Не знаю, хотел отец добавить что-то или нет, потому что появившийся в этот момент с подносом в руках Македонец прервал нашу беседу. Я ушел в свою комнату с чувством глухого недовольства. Недовольства собой и отчасти Стариком. Всегда, когда просишь помочь и надеешься, что тебе откроют профессиональный секрет, взамен тебе скармливают порцию банальных истин и расхожих нравоучений.
Допивая свою дозу суррогатного кофе, я вдруг решил принять брошенный вызов и сделать портрет кого-нибудь из моих знакомых. Выбор отнял у меня довольно много времени, знакомые все до одного казались мне людьми неинтересными. Наконец, я остановился на Владо как на наиболее колоритной фигуре.

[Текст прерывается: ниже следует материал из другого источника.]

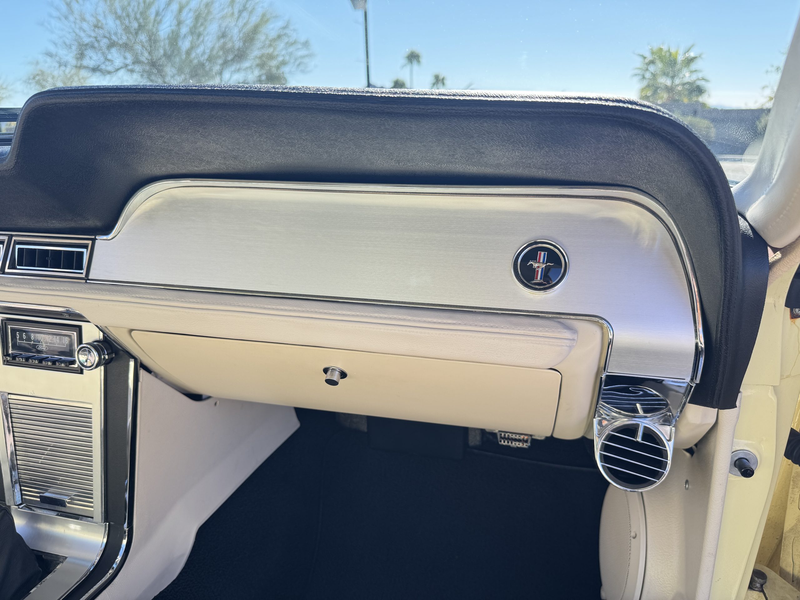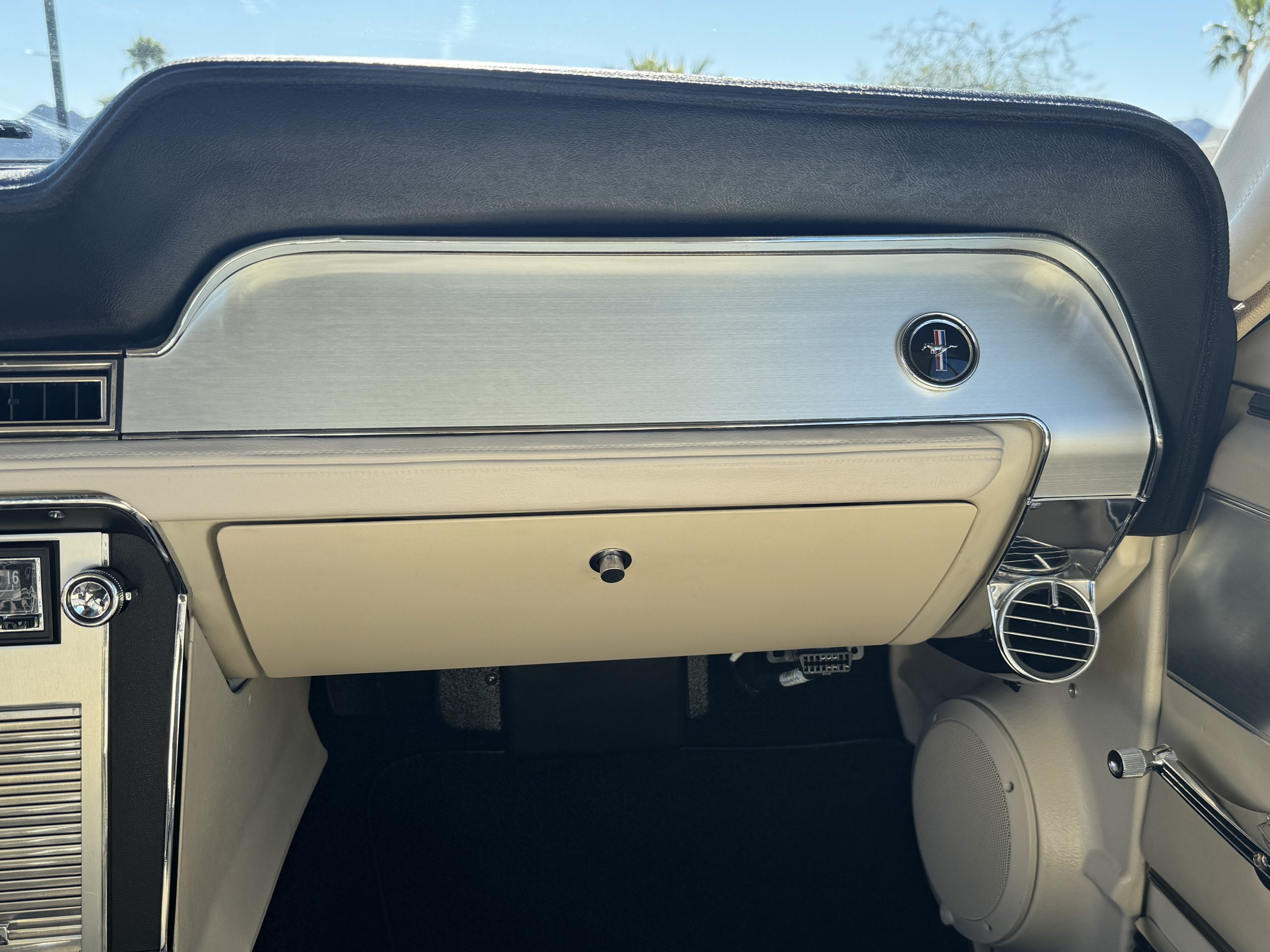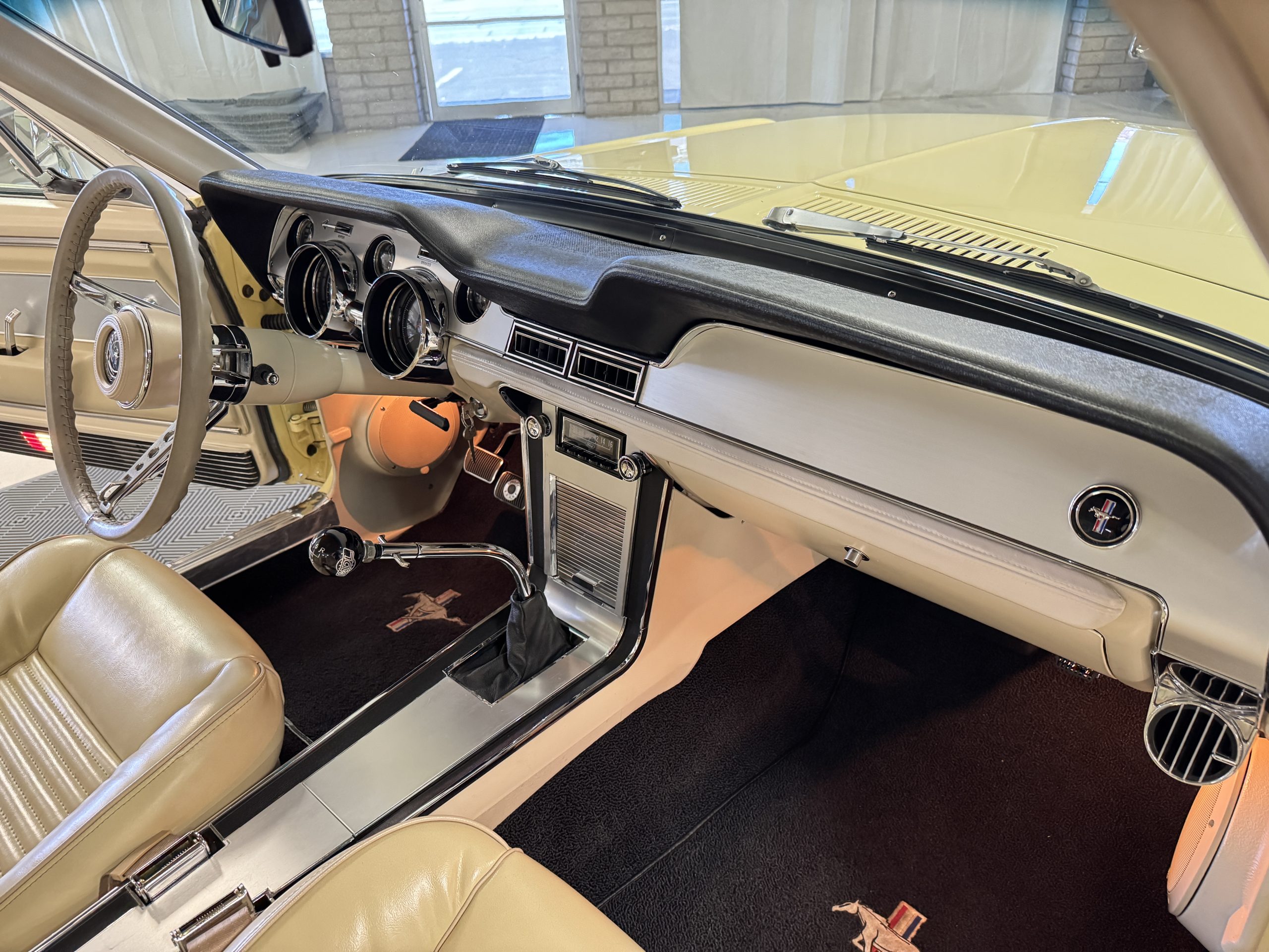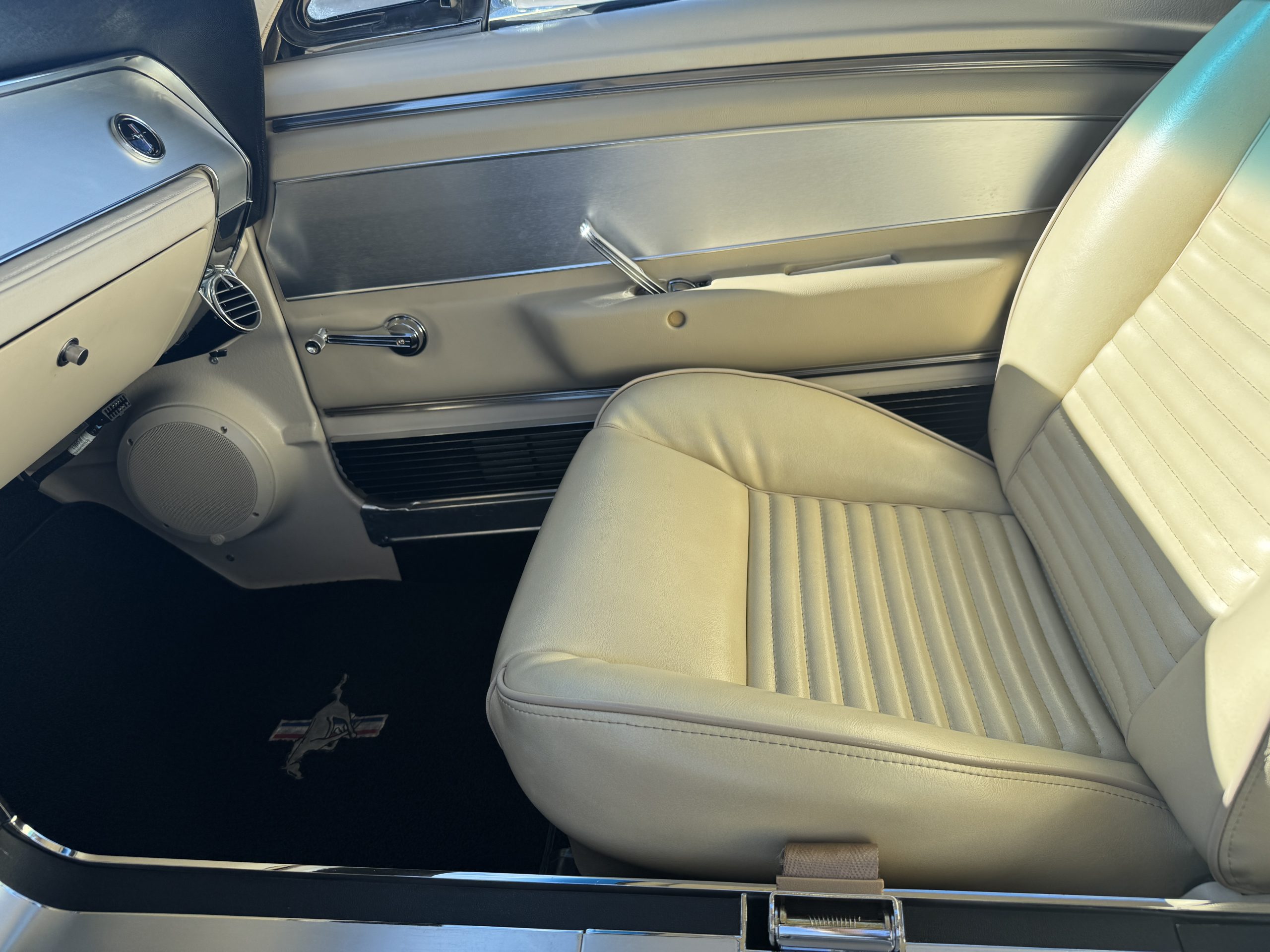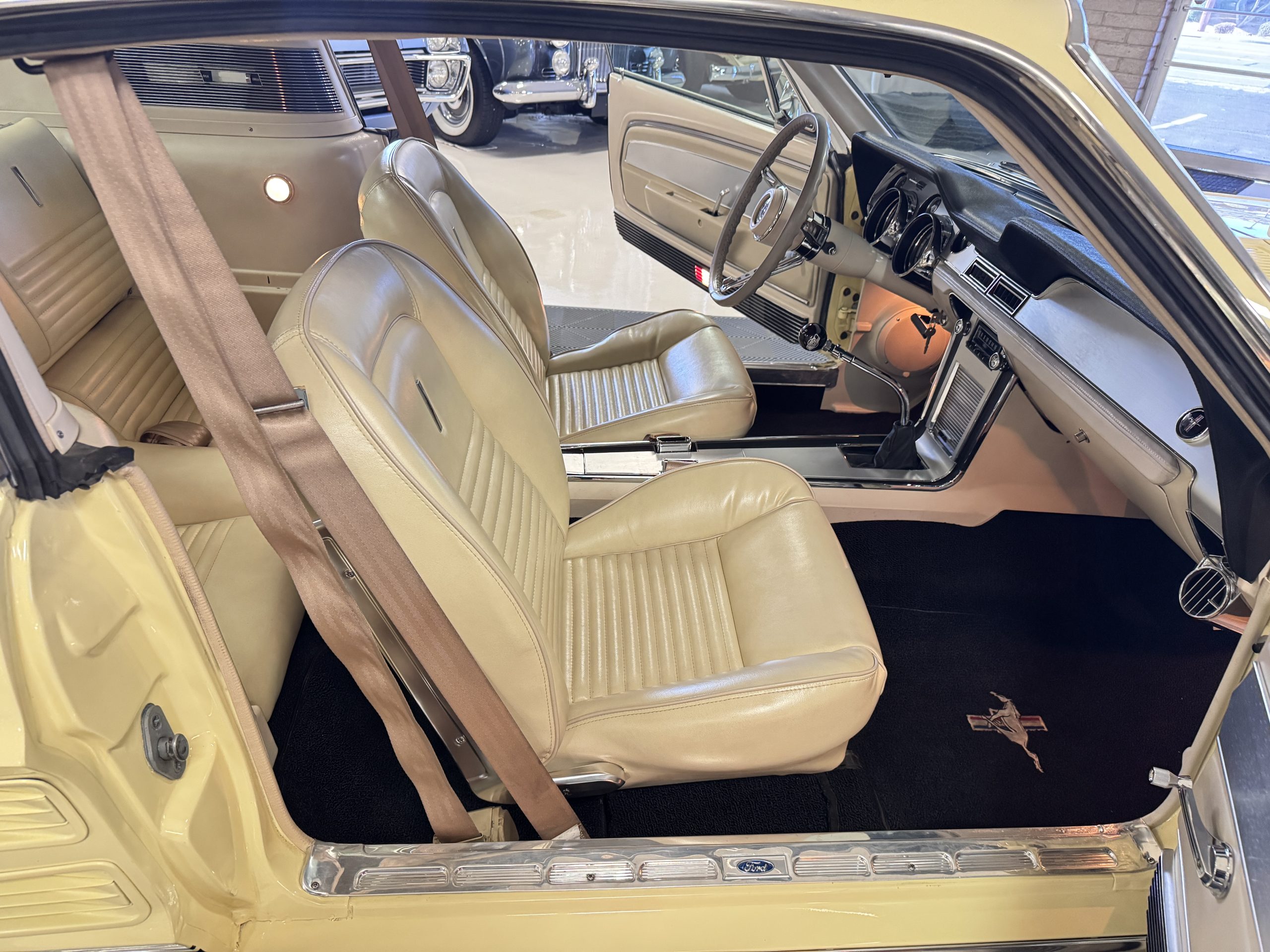 Inside, the Mustang features a Palomino vinyl interior with front bucket seats and a folding Sport Deck rear seat, with deluxe seatbelts, all in very good condition and consistent with the Mustang’s period-correct presentation. Black carpeting with Mustang floor mats remains clean and serviceable, while the 1967-year-only padded horn pad on the wrapped steering wheel shows light wear consistent with careful use. The brushed chrome gauge cluster houses fully functional original instrumentation, including a 140-mph speedometer with digital odometer, and the light gray polyurethane dash pad remains in very good condition. Factory-style amenities include power windows designed to resemble original roll-up glass, power steering, an AM radio plate over upgraded stereo, functional factory air conditioning, and fully operational interior lighting.

Владо заглянул проведать отца одним ранним летним утром и забыл уйти. Старик, разумеется, разрешил ему остаться у нас, но мы, ничего не зная об этом, целый день ждали, когда он уйдет. Вместо этого он расположился в кухне на топчане, переночевал там, а на следующий день принес и оставил в кладовке свое имущество: два ободранных чемодана, набитых книгами и перевязанных веревками. К нашему разочарованию, книги были такие же скучные, как и сам Владо – не романы Жюля Верна, а классические пьесы, напичканные признаниями в любви и тирадами героев, полными благородного негодования.
Владо был актером. А точнее – актером-неудачником. Говоря «неудачником», я вовсе не намекаю на его бездарность. Через много лет, после того как он исчез с моего горизонта и я позабыл о его существовании, он объявился, представ передо мной в своем неизменном черном костюме, в галстуке-бабочке, с накрахмаленным, но посеревшим от стирки воротничком и невыразительным, словно тоже накрахмаленным лицом человека без возраста. Это было уже после революции 9 Сентября, я работал тогда на радио. Владо вошел ко мне в кабинет как старый знакомый и сообщил, что его приняли в радиотеатр. Закончив деловую часть визита, он умолк и остался сидеть у окна, вперив взгляд в пространство и, очевидно, по старой привычке забыв, что нужно уйти. От других подобных субъектов Владо отличался неоценимым преимуществом – его присутствие не тяготило. Он умел неподвижно и молчаливо сидеть где-нибудь в углу, так что его просто переставали замечать.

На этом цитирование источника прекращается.